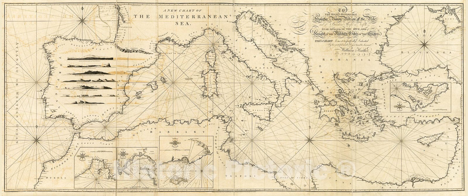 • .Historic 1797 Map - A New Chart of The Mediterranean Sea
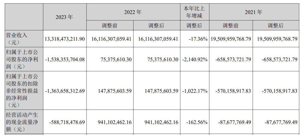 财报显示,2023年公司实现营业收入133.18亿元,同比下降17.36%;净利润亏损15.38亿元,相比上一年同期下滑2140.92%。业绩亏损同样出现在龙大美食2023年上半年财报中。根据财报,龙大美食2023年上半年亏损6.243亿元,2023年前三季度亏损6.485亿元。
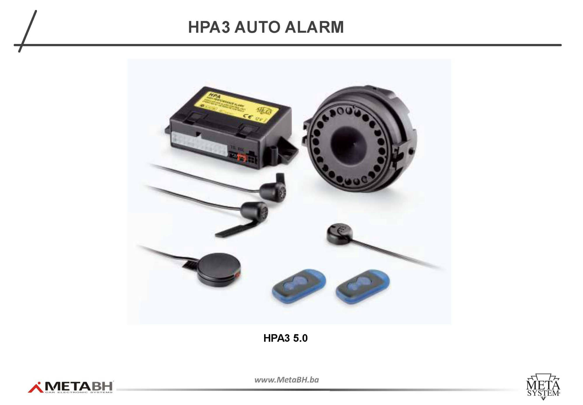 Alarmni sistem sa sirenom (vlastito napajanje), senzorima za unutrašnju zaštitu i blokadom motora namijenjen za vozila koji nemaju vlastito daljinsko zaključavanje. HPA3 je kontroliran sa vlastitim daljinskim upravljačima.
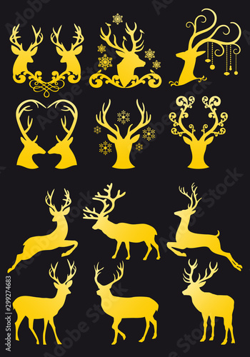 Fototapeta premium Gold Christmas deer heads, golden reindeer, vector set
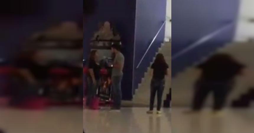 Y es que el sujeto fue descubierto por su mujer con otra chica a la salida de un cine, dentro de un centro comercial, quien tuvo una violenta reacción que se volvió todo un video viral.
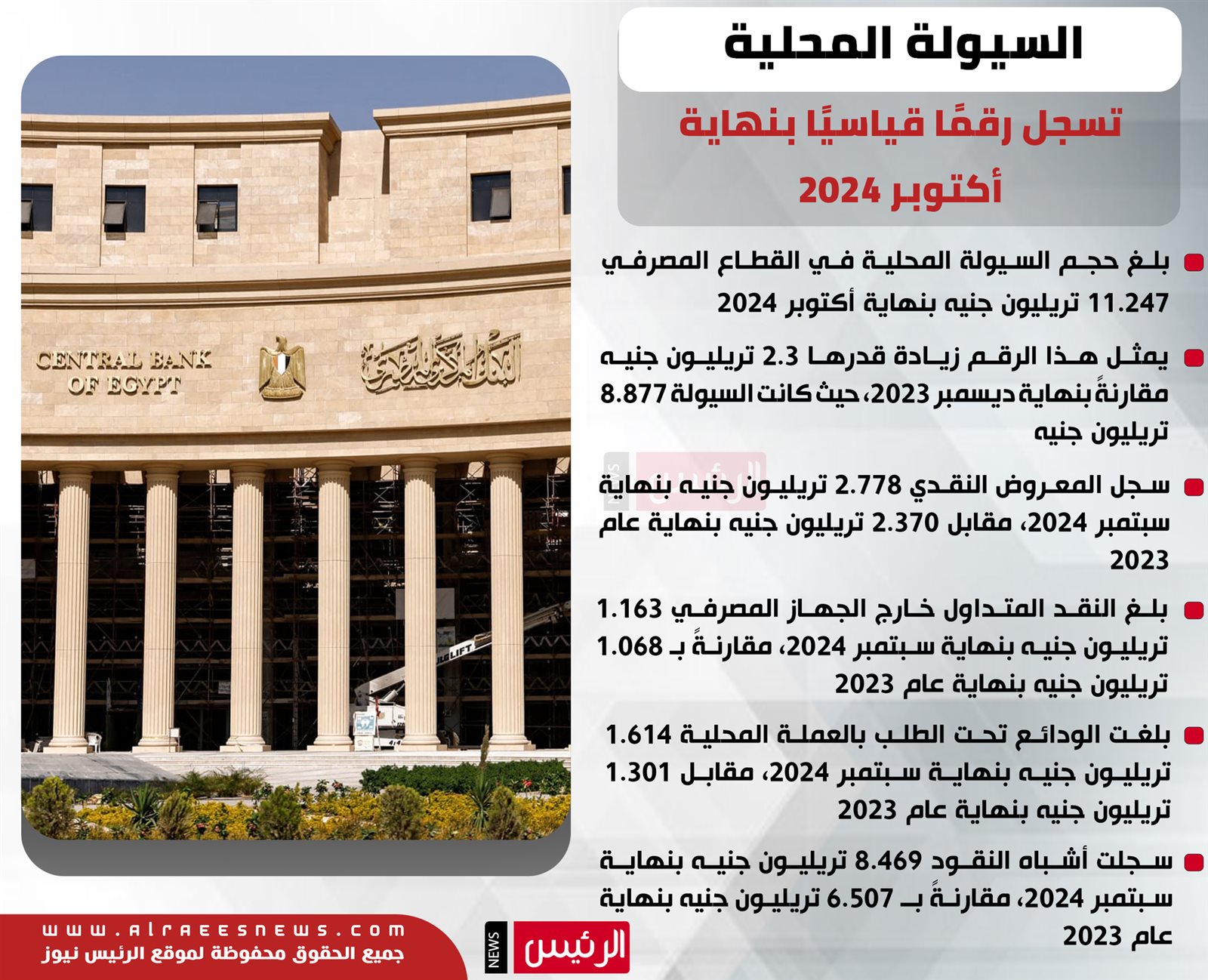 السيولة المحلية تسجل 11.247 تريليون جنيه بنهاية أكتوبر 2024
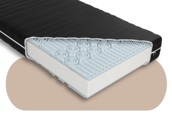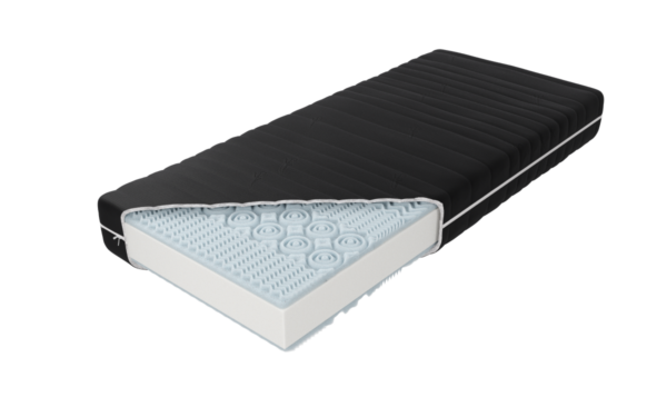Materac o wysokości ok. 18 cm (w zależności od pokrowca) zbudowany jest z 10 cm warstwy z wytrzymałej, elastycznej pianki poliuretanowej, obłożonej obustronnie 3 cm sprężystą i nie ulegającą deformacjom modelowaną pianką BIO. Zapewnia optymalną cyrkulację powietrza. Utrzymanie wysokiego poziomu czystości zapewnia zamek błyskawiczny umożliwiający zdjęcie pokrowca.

═══

Output an exact copy of the lines from the one with "السيولة المحلية تسجل" through the closing line of the records, inclusive, without any images.

 السيولة المحلية تسجل 11.247 تريليون جنيه بنهاية أكتوبر 2024
Materac o wysokości ok. 18 cm (w zależności od pokrowca) zbudowany jest z 10 cm warstwy z wytrzymałej, elastycznej pianki poliuretanowej, obłożonej obustronnie 3 cm sprężystą i nie ulegającą deformacjom modelowaną pianką BIO. Zapewnia optymalną cyrkulację powietrza. Utrzymanie wysokiego poziomu czystości zapewnia zamek błyskawiczny umożliwiający zdjęcie pokrowca.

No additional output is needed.